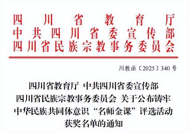 近日,由四川省教育厅、中共四川省委宣传部、四川省民族宗教事务委员会联合主办的四川省首届铸牢中华民族共同体意识教育“名师金课”评选活动结果正式揭晓。
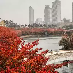 The late-fall foliage surrounding Seokchon Lake is absolutely stunning. 🍂 Red, orange, and yellow leaves line both sides of the walkway. Taking photos here is like stepping out of a Korean postcard. The sunset reflecting off the water in the evening is especially romantic.
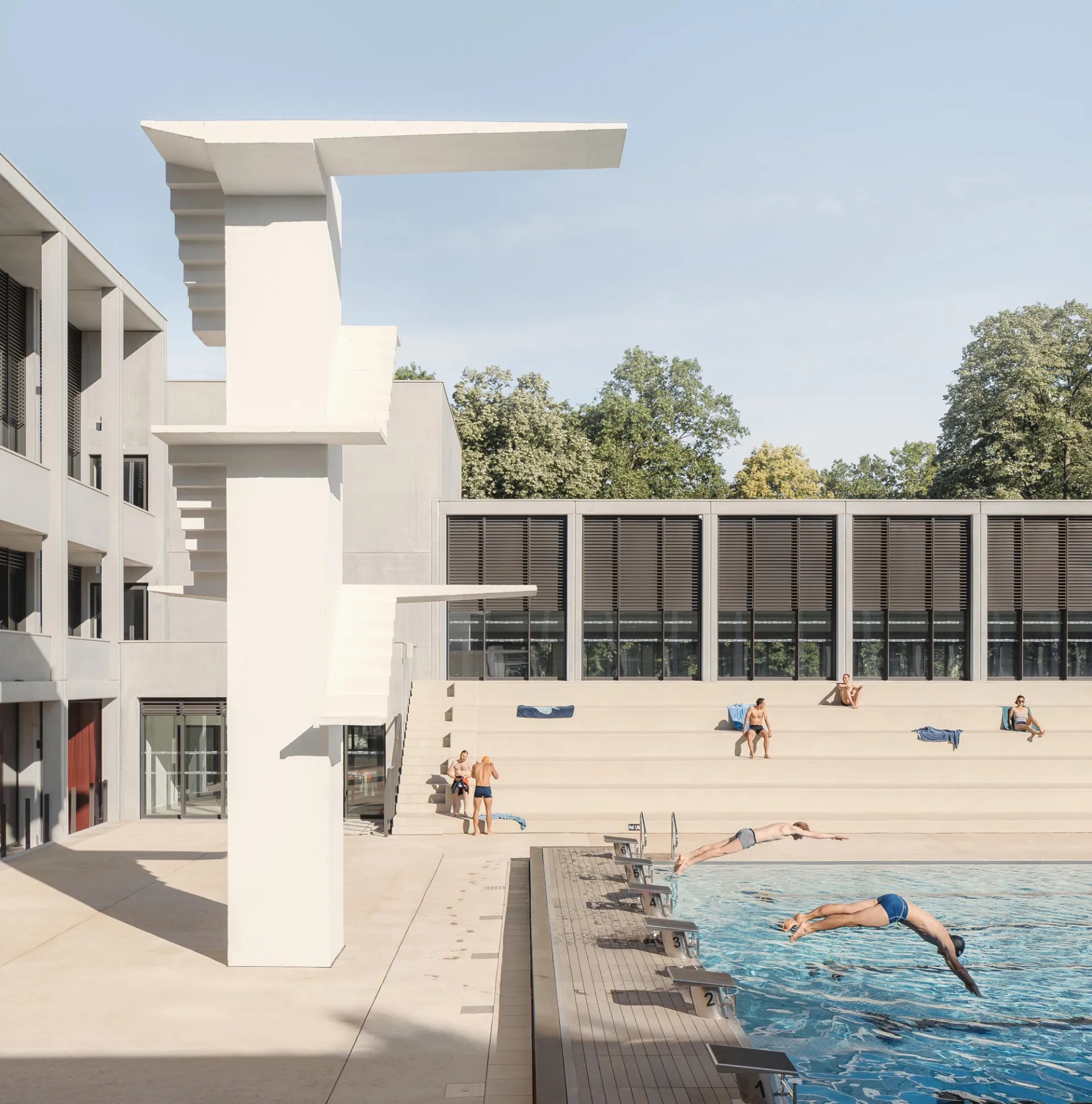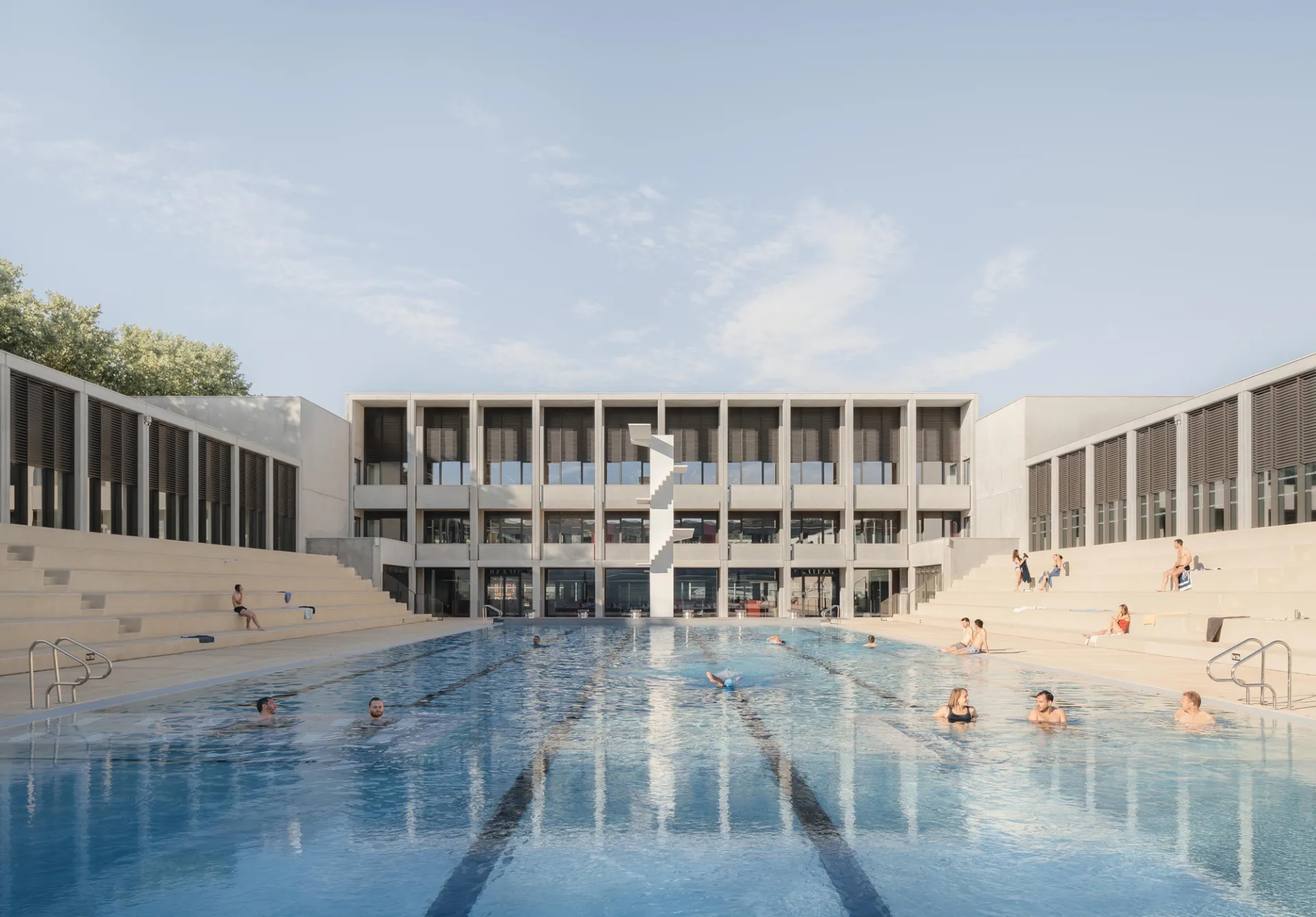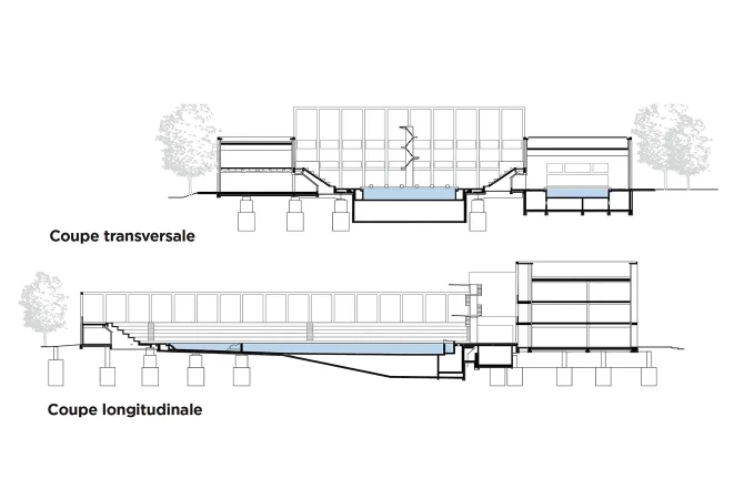 L’aile ouest, de 18 m de largeur, abrite un bassin d’apprentissage de natation de 25 m de longueur, visible depuis l’extérieur mais en retrait de la voie grâce à un jardin « qui intègre un système d’infiltration de 100 % des eaux pluviales », précise Olivier Mazet, chef de projet de l’agence 4_32 architecte, et des vestiaires. Elles sont articulées par deux volumes intermédiaires à un édifice de bureaux qui ferme la composition au sud et marque l’allée des Lions par sa hauteur (R+2) rendue imposante par la modénature de sa façade nord. Ces deux volumes, qui contrastent par leur aspect massif et opaque avec leurs voiles de béton toute hauteur, contiennent les circulations verticales et les sanitaires des bureaux et du centre de performance contribuant à la flexibilité de leur aménagement. L’ensemble forme ainsi un écrin-écran en U autour de l’ancienne piscine, jouant sur les volumes et les hauteurs de manière à dessiner un épannelage gradué. Ces extensions accusent cependant un léger retrait bienvenu vis-à-vis des usagers de la piscine, par les coursives-loggias équipées de garde-corps opaques sur la façade des bureaux ou émergeant en hauteur à l’arrière des gradins.
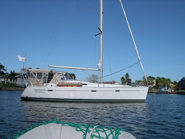 Standard Beneteau 423 arch mounted on a 393. Custom wind generator pole. I hang a 10'06" RIB with a 15hp 2 stroke on it.
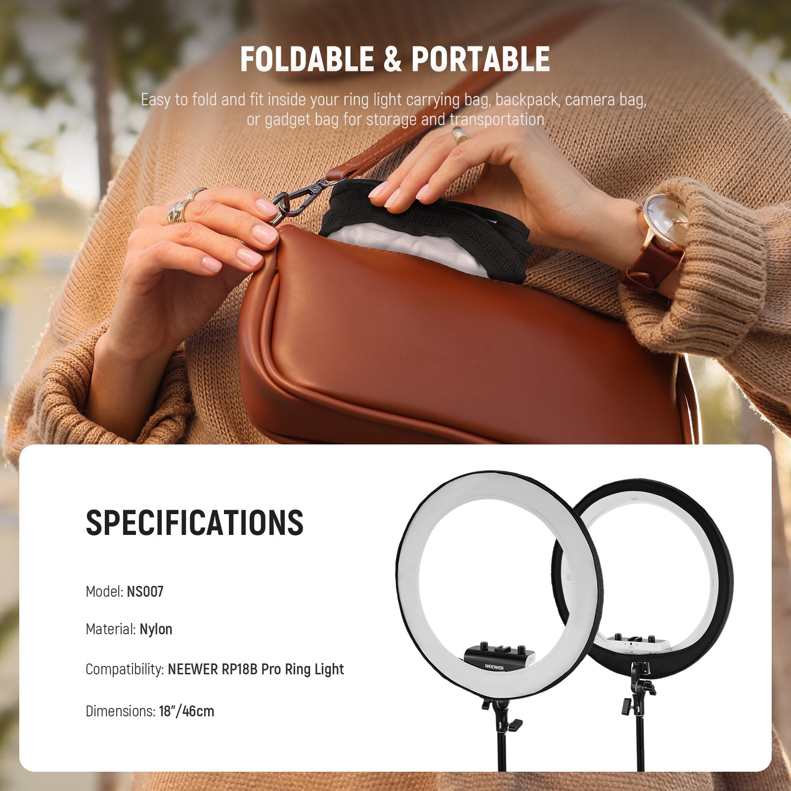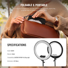 - Plegable y portátil : fácil de plegar y colocar dentro de su bolsa de transporte, mochila, bolsa para cámara o bolsa para dispositivos con luz anular para almacenamiento y transporte.
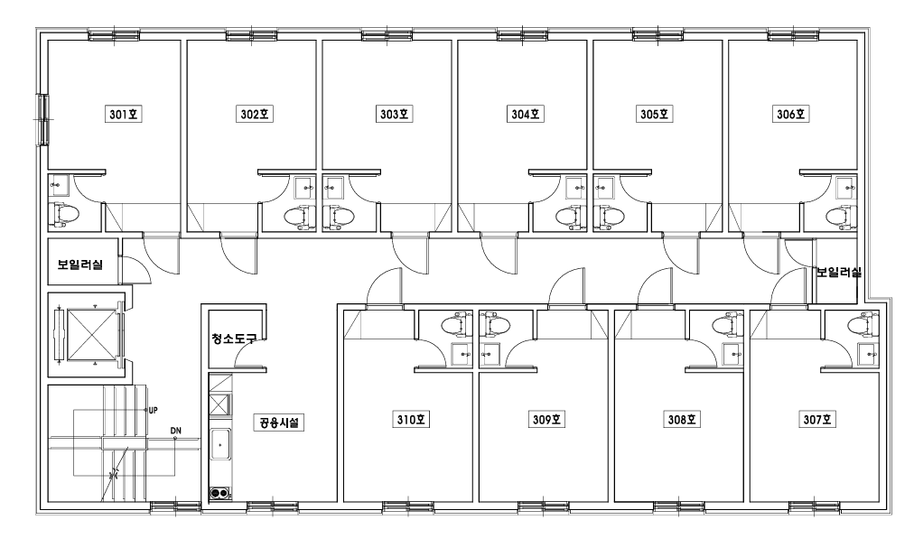 위 평면은 32개의 실과 공용실 하나로 구성되어 있는 다중주택으로 상담해드리고 실제로 운영하고 있는 다중주택입니다.
□ □ □ □
In your copy of the listing above, reproduce each line exactly and omit all pictures.

 近日,由四川省教育厅、中共四川省委宣传部、四川省民族宗教事务委员会联合主办的四川省首届铸牢中华民族共同体意识教育“名师金课”评选活动结果正式揭晓。
 The late-fall foliage surrounding Seokchon Lake is absolutely stunning. 🍂 Red, orange, and yellow leaves line both sides of the walkway. Taking photos here is like stepping out of a Korean postcard. The sunset reflecting off the water in the evening is especially romantic.
 L’aile ouest, de 18 m de largeur, abrite un bassin d’apprentissage de natation de 25 m de longueur, visible depuis l’extérieur mais en retrait de la voie grâce à un jardin « qui intègre un système d’infiltration de 100 % des eaux pluviales », précise Olivier Mazet, chef de projet de l’agence 4_32 architecte, et des vestiaires. Elles sont articulées par deux volumes intermédiaires à un édifice de bureaux qui ferme la composition au sud et marque l’allée des Lions par sa hauteur (R+2) rendue imposante par la modénature de sa façade nord. Ces deux volumes, qui contrastent par leur aspect massif et opaque avec leurs voiles de béton toute hauteur, contiennent les circulations verticales et les sanitaires des bureaux et du centre de performance contribuant à la flexibilité de leur aménagement. L’ensemble forme ainsi un écrin-écran en U autour de l’ancienne piscine, jouant sur les volumes et les hauteurs de manière à dessiner un épannelage gradué. Ces extensions accusent cependant un léger retrait bienvenu vis-à-vis des usagers de la piscine, par les coursives-loggias équipées de garde-corps opaques sur la façade des bureaux ou émergeant en hauteur à l’arrière des gradins.
 Standard Beneteau 423 arch mounted on a 393. Custom wind generator pole. I hang a 10'06" RIB with a 15hp 2 stroke on it.
 - Plegable y portátil : fácil de plegar y colocar dentro de su bolsa de transporte, mochila, bolsa para cámara o bolsa para dispositivos con luz anular para almacenamiento y transporte.
 위 평면은 32개의 실과 공용실 하나로 구성되어 있는 다중주택으로 상담해드리고 실제로 운영하고 있는 다중주택입니다.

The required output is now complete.